====== Gradient Descent ======
====== explanation ======
점차하강 = 조금씩 깍아서 원하는 기울기 (미분값) 찾기
prerequisite:
[[estimated_standard_deviation#실험적_수학적_이해|표준편차 추론에서 평균을 사용하는 이유: 실험적_수학적_이해]]
[[:deriviation of a and b in a simple regression]]

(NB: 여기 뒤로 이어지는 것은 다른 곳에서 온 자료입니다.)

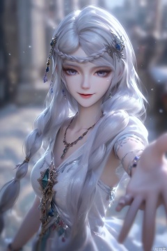 score_9,score_8_up,score_7_up,1girl,solo,looking at viewer,long hair,dress,hair ornament,jewelry,necklace,very long hair,braid,white hair,necklace,white dress,bracelet,blurry background,smile,reaching_out,portrait,pov,A clear hand
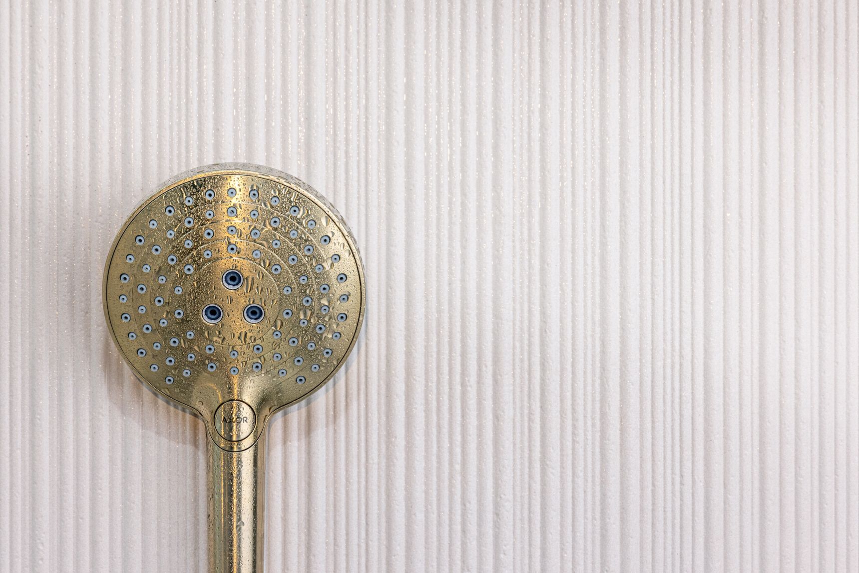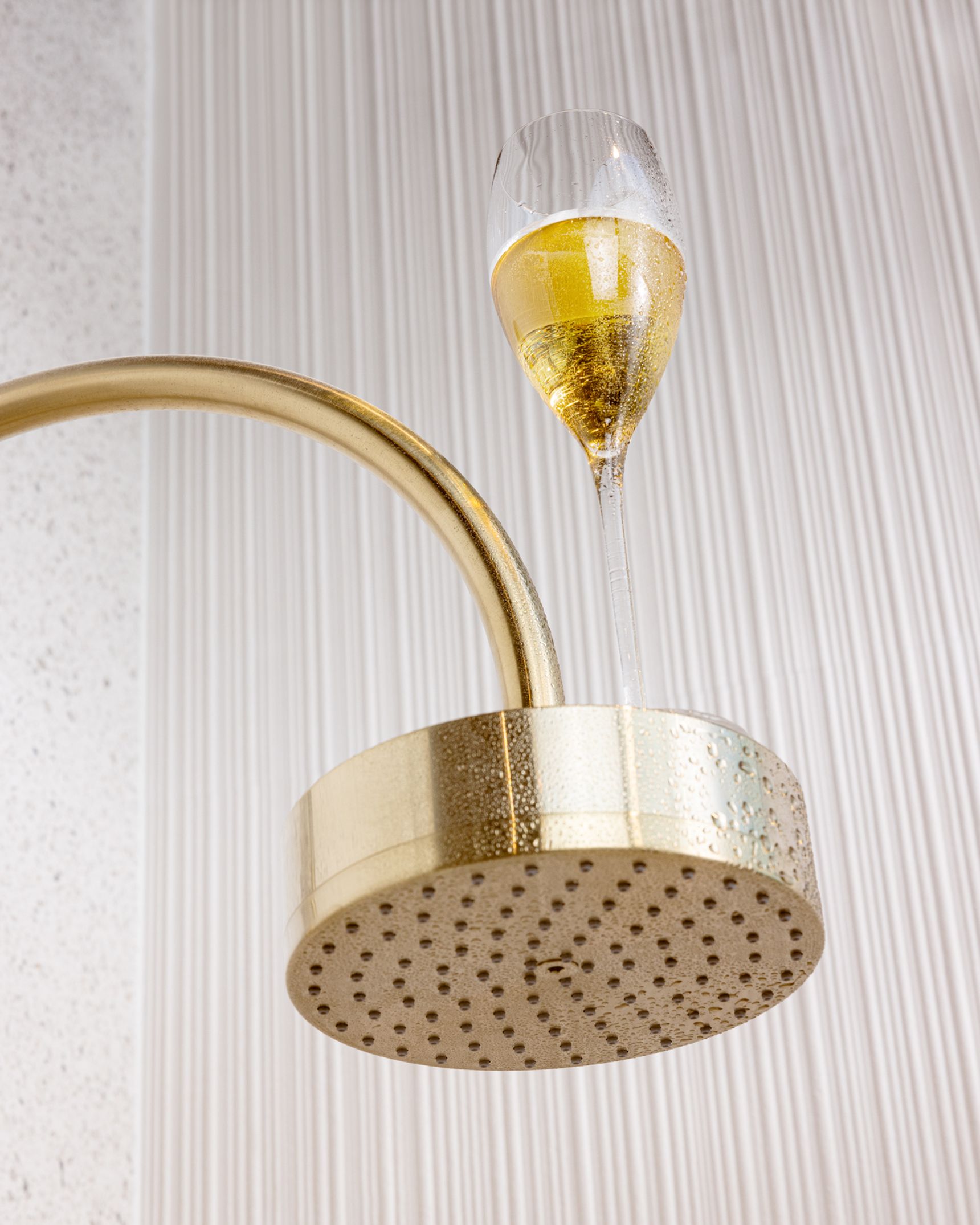Onze aandacht valt vervolgens op het champagnekleurige sanitair en de halfronde douchekraan. “Dit is misschien wel één van mijn favoriete details in deze badkamer,” geeft ze toe. “De champagnekleur straalt luxe en verfijning uit. En door het gebruik van extra helder glas in het douchescherm verdwijnt de groene rand van het glas bijna volledig. Het resultaat is een strakke, moderne uitstraling die bezoekers van onze showroom fantastisch vinden.”

위의 문서는 a, b에 대한 값을 미분법을 이용해서 직접 구하였다. 컴퓨터로는 이렇게 하기가 쉽지 않다. 그렇다면 이 값을 반복계산을 이용해서 추출하는 방법은 없을까? gradient descent
우선 위의 문서에서 (두번째) 최소값이 되는 SS값을 찾는다고 설명했는데, 이는 MS값으로 대체해서 생각해도 된다.
\begin{eqnarray*}
\text{MS} & = & \frac {\text{SS}}{n}
\end{eqnarray*}
\begin{eqnarray*}
\text{for a (constant)} \\
\\
\dfrac{\text{d}}{\text{dv}} \text{MSE (Mean Square Error)} & = & \dfrac{\text{d}}{\text{dv}} \frac {\sum{(Y_i - (a + bX_i))^2}} {N} \\
& = & \sum \dfrac{\text{d}}{\text{dv}} \frac{{(Y_i - (a + bX_i))^2}} {N} \\
& = & \sum{2 \frac{1}{N} (Y_i - (a + bX_i))} * (-1) \;\;\;\; \\
& \because & \dfrac{\text{d}}{\text{dv for a}} (Y_i - (a+bX_i)) = -1 \\
& = & -2 \frac{\sum{(Y_i - (a + bX_i))}}{N} \\
& = & -2 * \text{mean of residuals} \\
\end{eqnarray*}
아래 R code에서 gradient function을 참조.
\begin{eqnarray*}
\text{for b, (coefficient)} \\
\\
\dfrac{\text{d}}{\text{dv}} \frac{\sum{(Y_i - (a + bX_i))^2}}{N} & = & \sum \dfrac{\text{d}}{\text{dv}} \frac{{(Y_i - (a + bX_i))^2}} {N} \\
& = & \sum{2 \frac{1}{N} (Y_i - (a + bX_i))} * (-X_i) \;\;\;\; \\
& \because & \dfrac{\text{d}}{\text{dv for b}} (Y_i - (a+bX_i)) = -X_i \\
& = & -2 X_i \frac{\sum{(Y_i - (a + bX_i))}}{N} \\
& = & -2 * X_i * \text{mean of residuals} \\
\\
\end{eqnarray*}
(미분을 이해한다는 것을 전제로) 위의 식은 b값이 변할 때 msr (mean square residual) 값이 어떻게 변하는가를 알려주는 것이다. 그리고 그것은 b값에 대한 residual의 총합에 (-2/N)*X값을 곱한 값이다.
====== R code ======
# d statquest explanation
# x <- c(0.5, 2.3, 2.9)
# y <- c(1.4, 1.9, 3.2)
rm(list=ls())
# set.seed(191)
n <- 300
x <- rnorm(n, 5, 1.2)
y <- 2.14 * x + rnorm(n, 0, 4)
# data <- data.frame(x, y)
data <- tibble(x = x, y = y)
mo <- lm(y~x)
summary(mo)
# set.seed(191)
# Initialize random betas
b1 = rnorm(1)
b0 = rnorm(1)
b1.init <- b1
b0.init <- b0
# Predict function:
predict <- function(x, b0, b1){
return (b0 + b1 * x)
}
# And loss function is:
residuals <- function(predictions, y) {
return(y - predictions)
}
loss_mse <- function(predictions, y){
residuals = y - predictions
return(mean(residuals ^ 2))
}
predictions <- predict(x, b0, b1)
residuals <- residuals(predictions, y)
loss = loss_mse(predictions, y)
data <- tibble(data.frame(x, y, predictions, residuals))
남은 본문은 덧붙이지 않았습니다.